_Try it_: Using the records below, write out only the lines from the line containing "Image: The DARKBEAM" up to and including the line containing "Maize local variety, Palotas, Ungaria", exactly, with no pictures.

_Source material_:
========

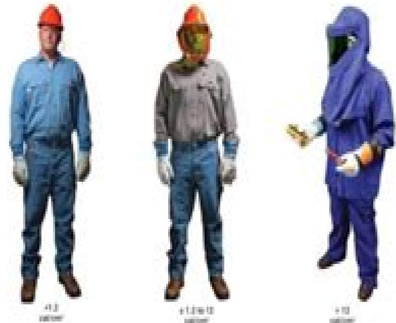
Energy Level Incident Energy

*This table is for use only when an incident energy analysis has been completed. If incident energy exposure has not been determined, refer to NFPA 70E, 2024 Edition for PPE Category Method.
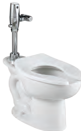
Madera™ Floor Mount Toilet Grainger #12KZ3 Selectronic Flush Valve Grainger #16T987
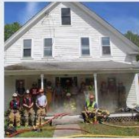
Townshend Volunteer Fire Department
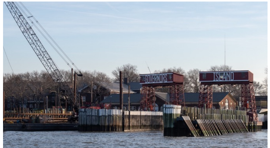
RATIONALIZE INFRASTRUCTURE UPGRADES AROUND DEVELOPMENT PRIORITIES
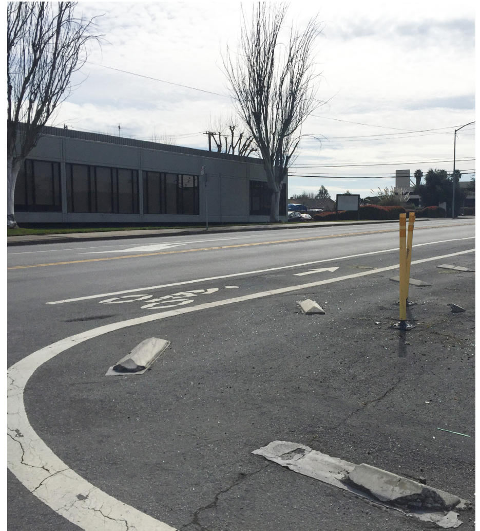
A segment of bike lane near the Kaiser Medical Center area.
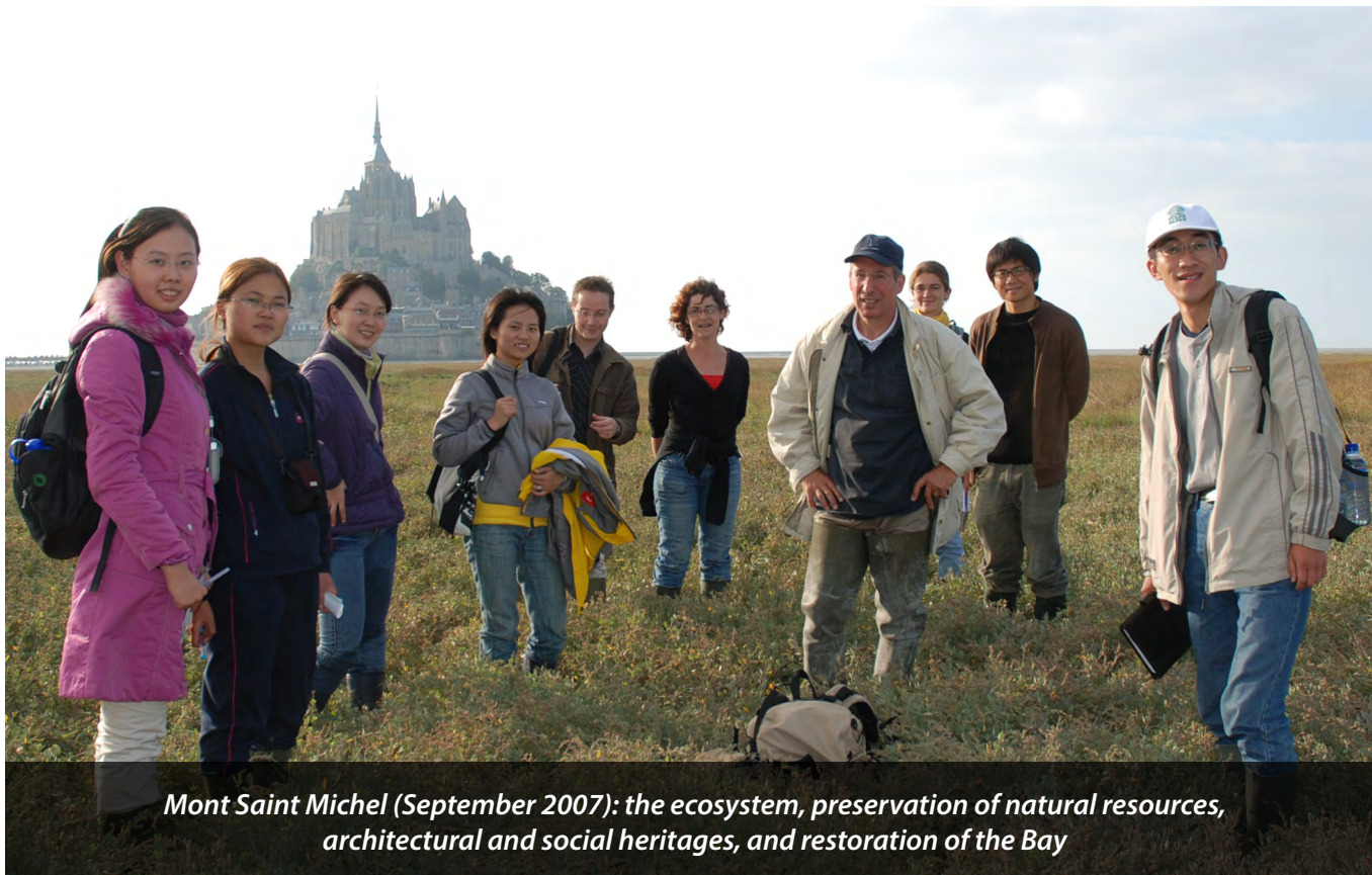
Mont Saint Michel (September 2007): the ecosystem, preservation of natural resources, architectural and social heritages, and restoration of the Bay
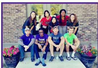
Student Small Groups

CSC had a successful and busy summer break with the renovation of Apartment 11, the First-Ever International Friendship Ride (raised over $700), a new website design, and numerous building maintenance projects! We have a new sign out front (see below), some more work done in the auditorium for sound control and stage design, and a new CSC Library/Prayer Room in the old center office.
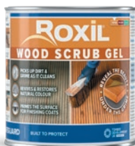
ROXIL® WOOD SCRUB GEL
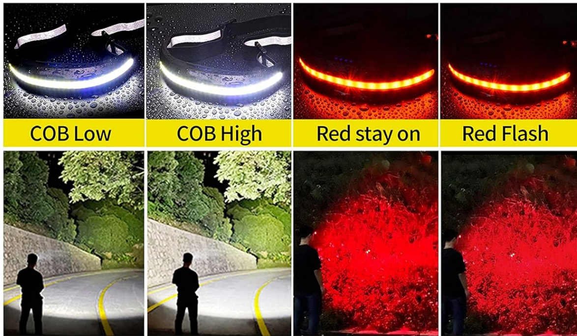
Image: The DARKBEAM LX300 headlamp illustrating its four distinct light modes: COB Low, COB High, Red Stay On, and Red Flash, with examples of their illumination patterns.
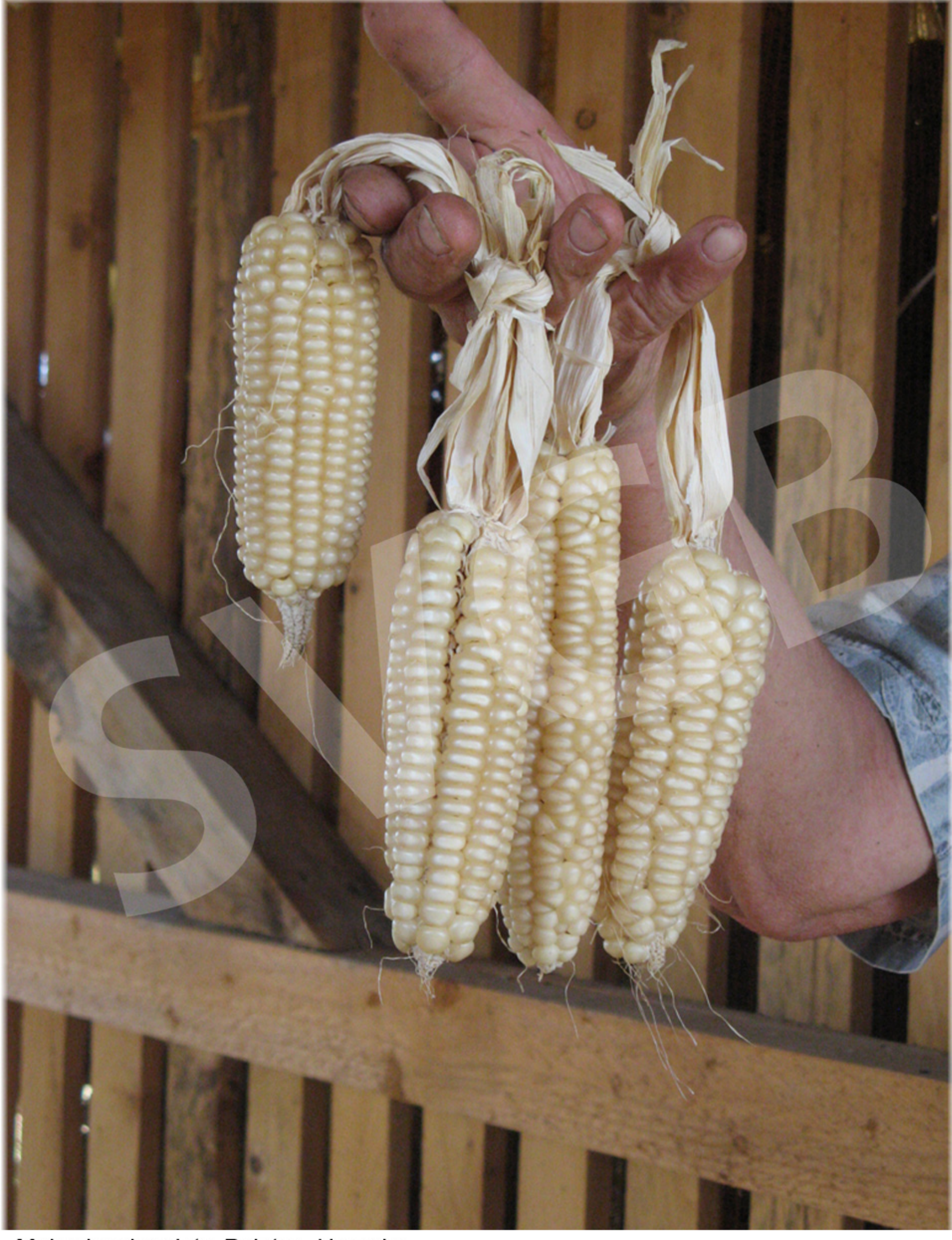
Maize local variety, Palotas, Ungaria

========

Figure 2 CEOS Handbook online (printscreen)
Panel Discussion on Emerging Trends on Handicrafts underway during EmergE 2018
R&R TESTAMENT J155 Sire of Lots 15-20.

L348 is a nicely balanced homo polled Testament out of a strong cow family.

========

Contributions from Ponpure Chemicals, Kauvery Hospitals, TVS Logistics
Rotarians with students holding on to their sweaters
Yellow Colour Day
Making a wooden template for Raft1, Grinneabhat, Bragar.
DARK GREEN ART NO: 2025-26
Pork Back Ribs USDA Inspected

========

_Finished task_:
Image: The DARKBEAM LX300 headlamp illustrating its four distinct light modes: COB Low, COB High, Red Stay On, and Red Flash, with examples of their illumination patterns.
Maize local variety, Palotas, Ungaria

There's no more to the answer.